### TASK BRIEF
Reproduce only this stretch of the listing below: from the line with "2026年3月12日,江西九" through the line with "Công nhân Điện", exactly as written, with pictures excluded.

### DATA FOR THE TASK
___

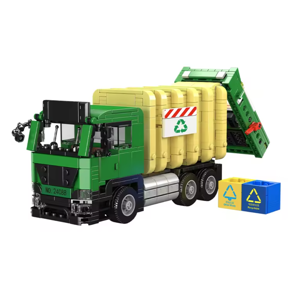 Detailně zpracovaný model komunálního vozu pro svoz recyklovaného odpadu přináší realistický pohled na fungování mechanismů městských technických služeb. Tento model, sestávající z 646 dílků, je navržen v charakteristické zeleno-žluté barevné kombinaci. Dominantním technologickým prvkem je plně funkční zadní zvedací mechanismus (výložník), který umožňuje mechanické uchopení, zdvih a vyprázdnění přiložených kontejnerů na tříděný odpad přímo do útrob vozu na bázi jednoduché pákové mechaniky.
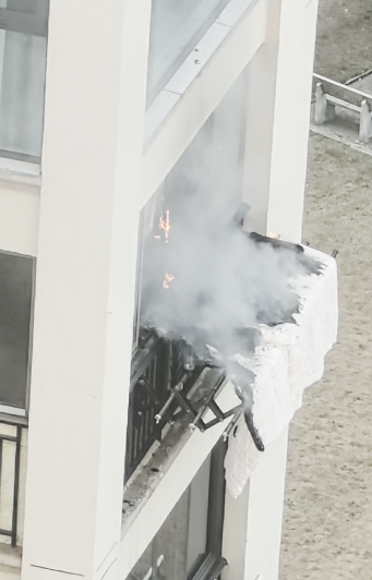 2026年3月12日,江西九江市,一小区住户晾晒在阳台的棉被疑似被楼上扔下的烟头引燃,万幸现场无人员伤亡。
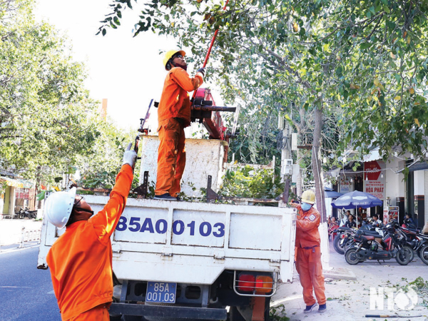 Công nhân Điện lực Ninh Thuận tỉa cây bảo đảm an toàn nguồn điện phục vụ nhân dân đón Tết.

___

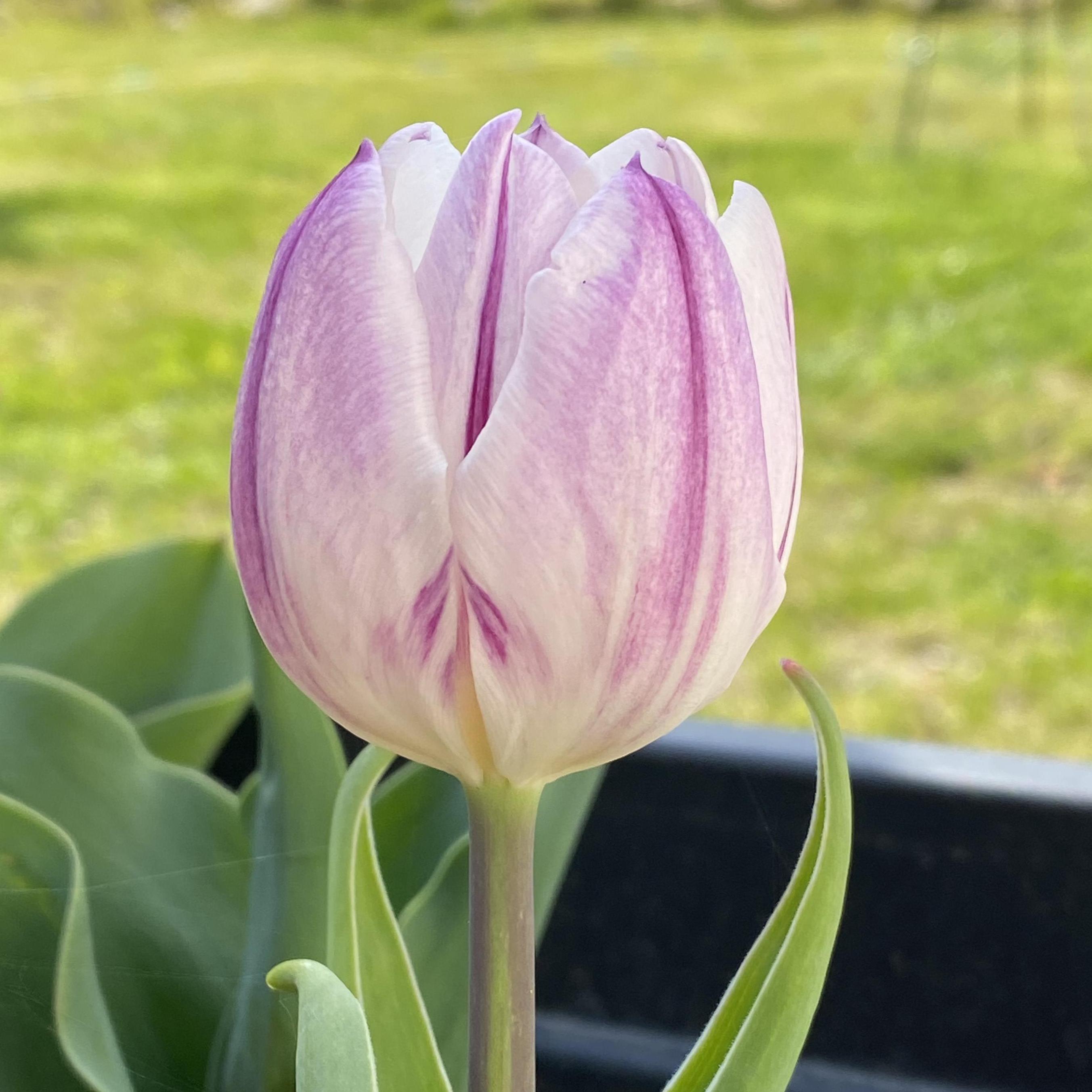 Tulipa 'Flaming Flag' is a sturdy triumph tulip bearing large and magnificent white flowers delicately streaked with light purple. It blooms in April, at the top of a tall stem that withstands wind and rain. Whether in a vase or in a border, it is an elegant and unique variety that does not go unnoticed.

___

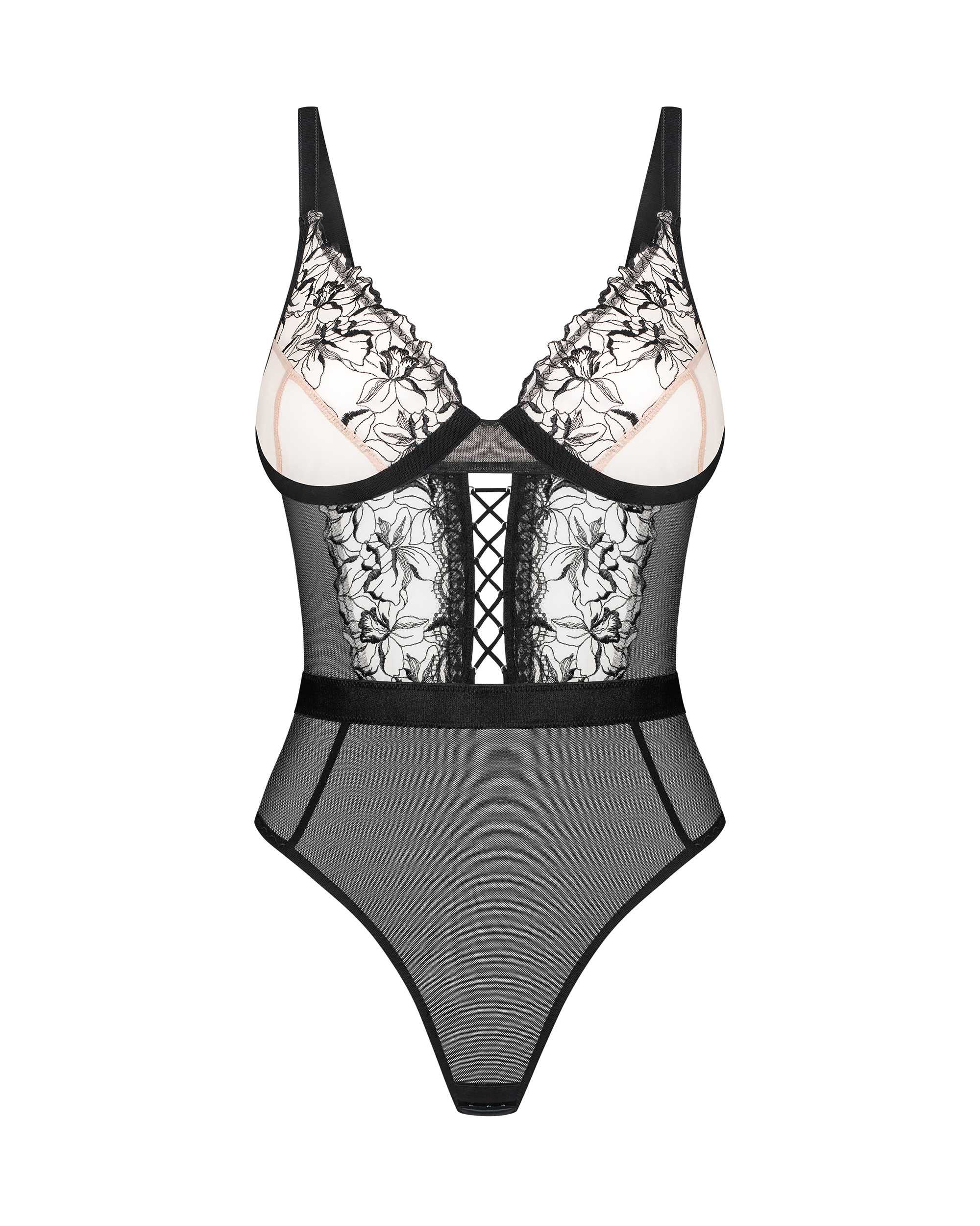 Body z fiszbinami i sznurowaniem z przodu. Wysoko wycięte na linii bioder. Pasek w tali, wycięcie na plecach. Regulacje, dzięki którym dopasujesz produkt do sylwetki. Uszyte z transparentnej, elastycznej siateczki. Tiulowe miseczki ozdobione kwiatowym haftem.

___

### TASK ANSWER
 2026年3月12日,江西九江市,一小区住户晾晒在阳台的棉被疑似被楼上扔下的烟头引燃,万幸现场无人员伤亡。
 Công nhân Điện lực Ninh Thuận tỉa cây bảo đảm an toàn nguồn điện phục vụ nhân dân đón Tết.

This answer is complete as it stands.